Abstract
Here we demonstrate that quantitation of stimuli-induced proteome dynamics in primary cells is feasible by combining the power of Bio-Orthogonal Non Canonical Amino acid Tagging (BONCAT) and Stable Isotope Labelling of Amino acids in Cell culture (SILAC). In conjunction with nanoLC-MS/MS QuaNCAT allowed us to monitor the early expression changes of > 600 proteins in primary resting T cells subjected to activation stimuli.

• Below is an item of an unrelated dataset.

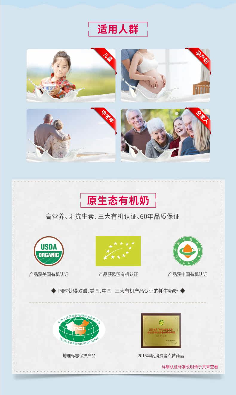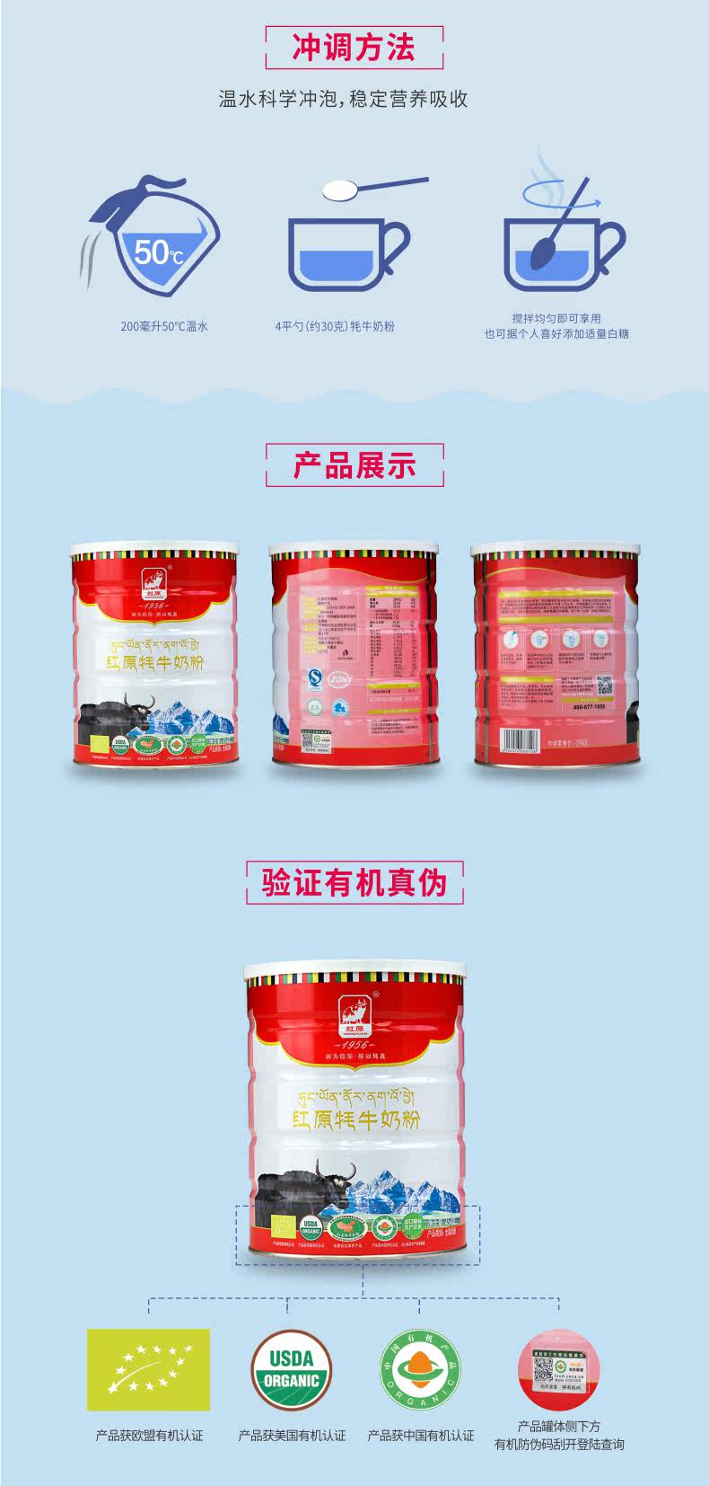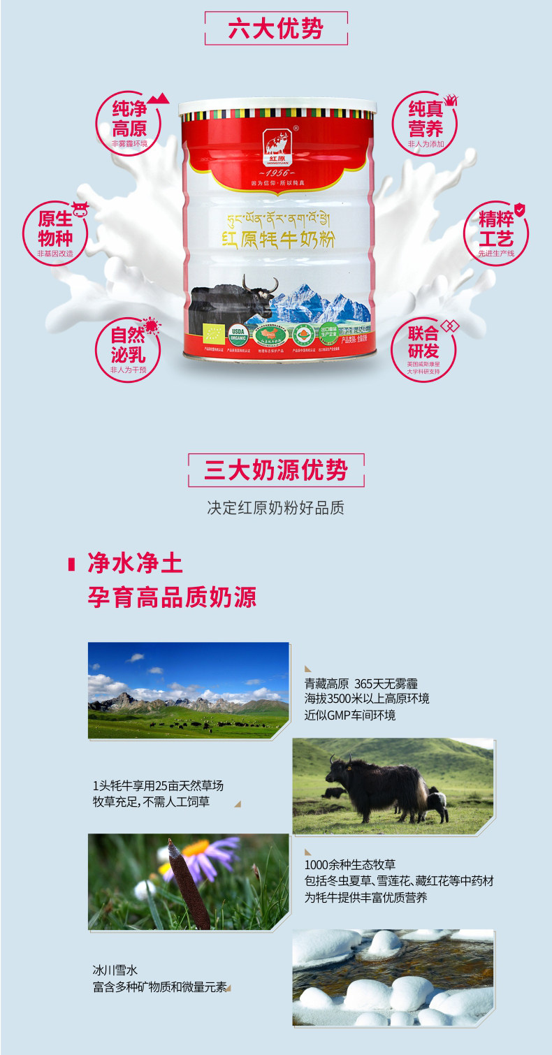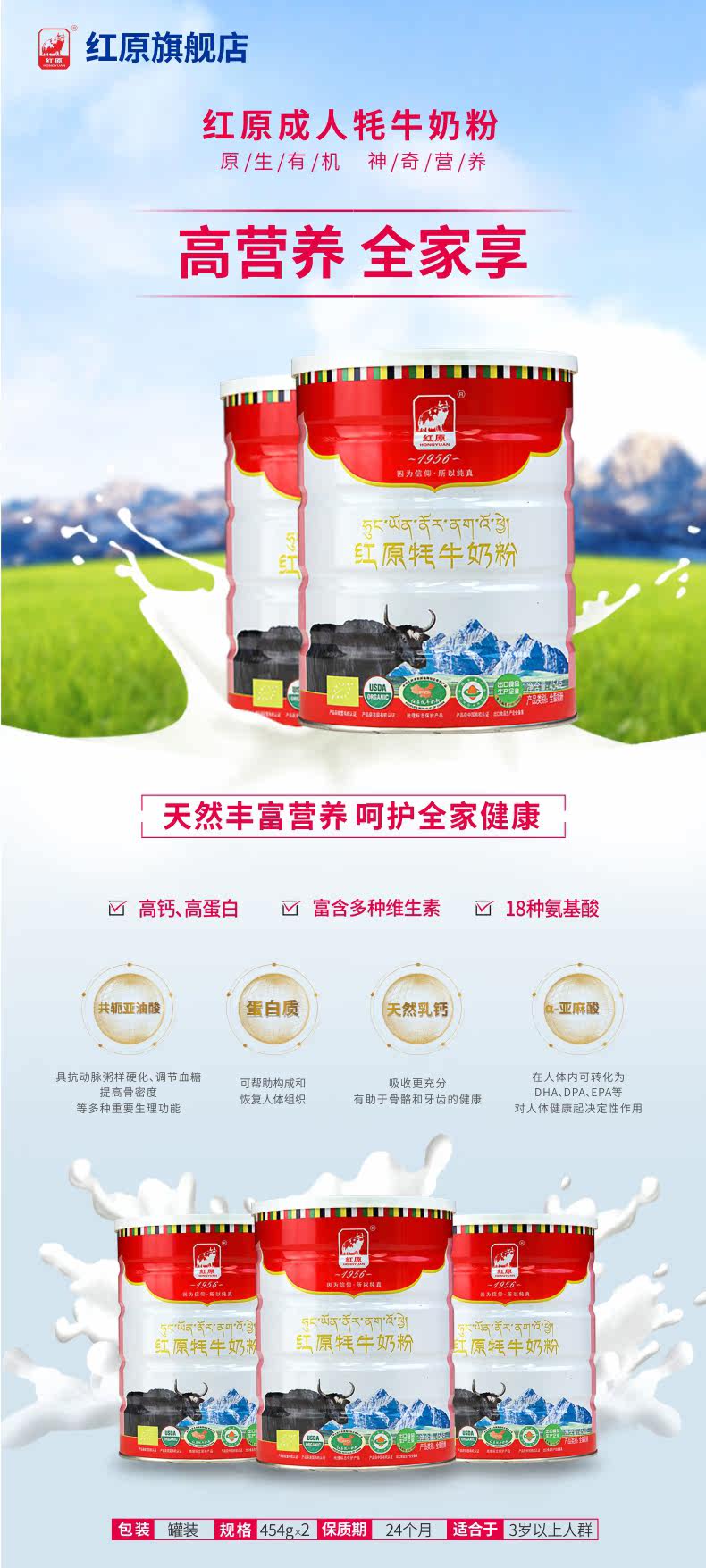 商品名称:红原牦牛成人奶粉 有机纯牦牛奶粉 全脂牦牛奶粉组合装454g*2罐
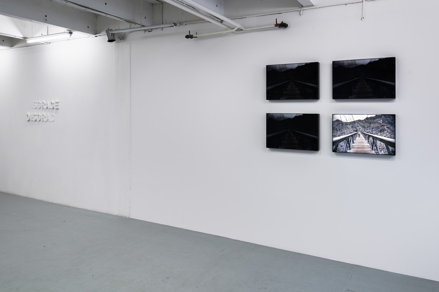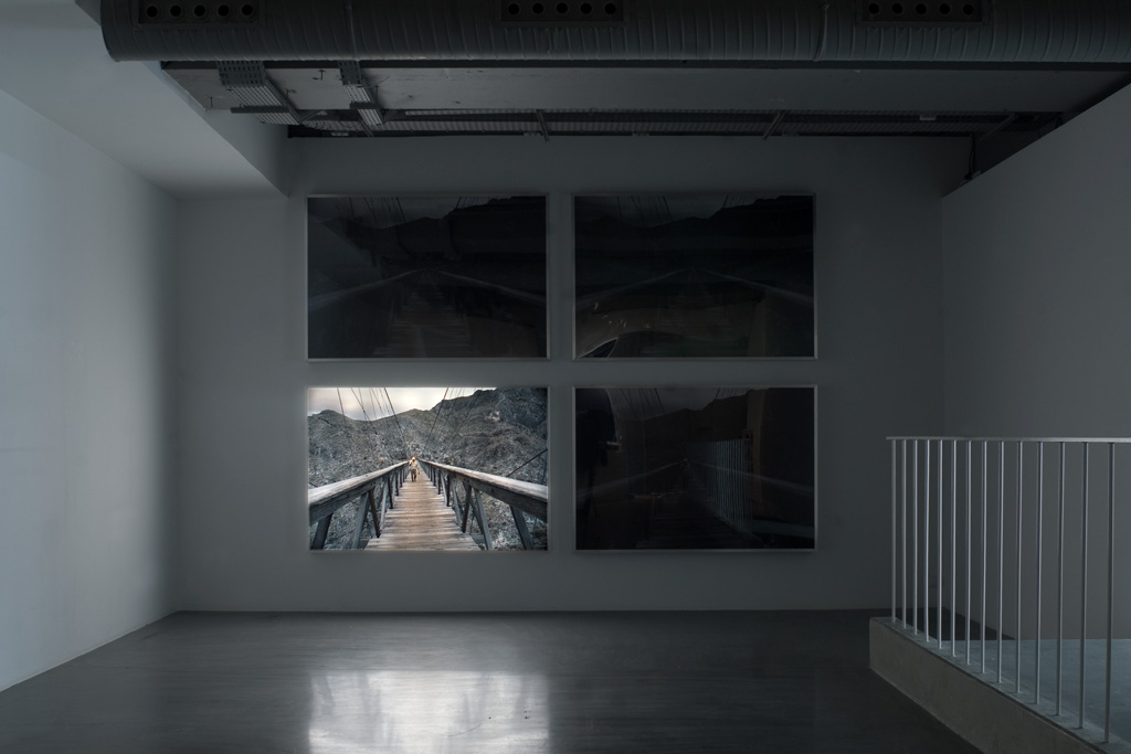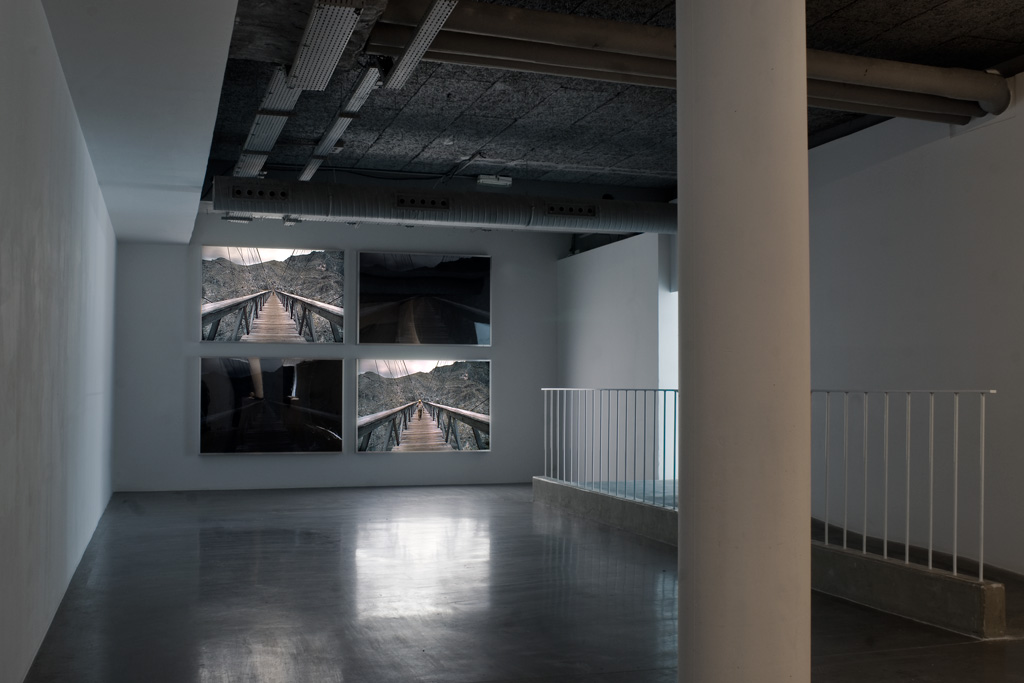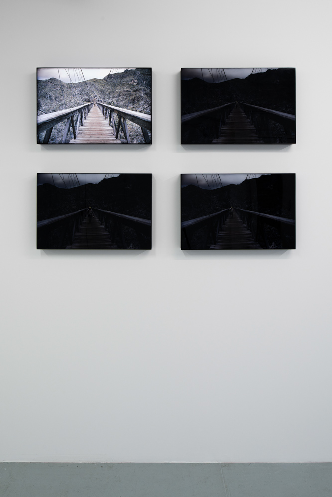 The installation Return From Memory consists of four large light boxes. The four photographs displayed in the light boxes track the image of a man moving across a wooden suspension bridge in Mexico. El Puente d'Ojuela, Mapimi, Durango. Animated light times the character’s progression through the distance of the landscape (at 8-second intervals per image). The temporality created by the repetitive presence and successive absence of images, invites visitors to question their own presence through the experience of time effects in our perception of images.

Keywords: quantitative proteomics, SILAC, BONCAT, T cell activation
Understanding cell behaviour at a systems level is largely concealed due to limited knowledge of proteome dynamics. Changes in the expression of proteins and their cognate mRNAs display positive, yet only modest correlation1, 2, the highest correlation being observed for components of conserved molecular machines3. Indeed, abundance of cellular proteins may be predominantly controlled at the translation level4. Thus, knowledge of transcriptomes’ dynamics alone is evidently insufficient to understand cell behaviour. SILAC-based MS analysis permits quantitation of steady-state proteome changes5. However, monitoring the proteome response to stimuli remains challenging, especially for ex vivo primary cells, to which SILAC cannot be straightforwardly applied6. Likewise, quantifying immediate/early changes of protein networks occurring during complex biological processes (such as cell proliferation and differentiation), is problematic because short SILAC pulses (few hours) label only a small fraction of a protein pool7, severely limiting MS-based quantitation of protein expression changes. Selective isolation of the fraction of SILAC-labelled proteins would help to overcome the above limitations. BONCAT exploits Cu(I)-catalysed azide-alkyne cycloaddition (CuAAC) for site-selective labelling of newly synthesised proteins8, without modifying the translation machinery by genetic engineering. Cells are cultured in the presence of the azide-bearing methionine surrogate azidohomoalanine (AHA), which is efficiently incorporated into newly synthesized proteins without adverse effects on cellular functions8, 9. After cell lysis, the AHA azide group is reacted with an alkyne-bearing biotinylated tag in the presence of CuAAC catalyst, allowing for the selective enrichment of the tagged protein pool. BONCAT has been used for MS-based non-quantitative monitoring of newly synthesized proteins in cultured mammalian cells9. However, the efficiency and rate of CuAAC is site-and protein-dependent and may not be homogeneous for all proteins10, 11. Moreover, monitoring protein changes by BONCAT alone using label-free MS-based quantitation would have low accuracy.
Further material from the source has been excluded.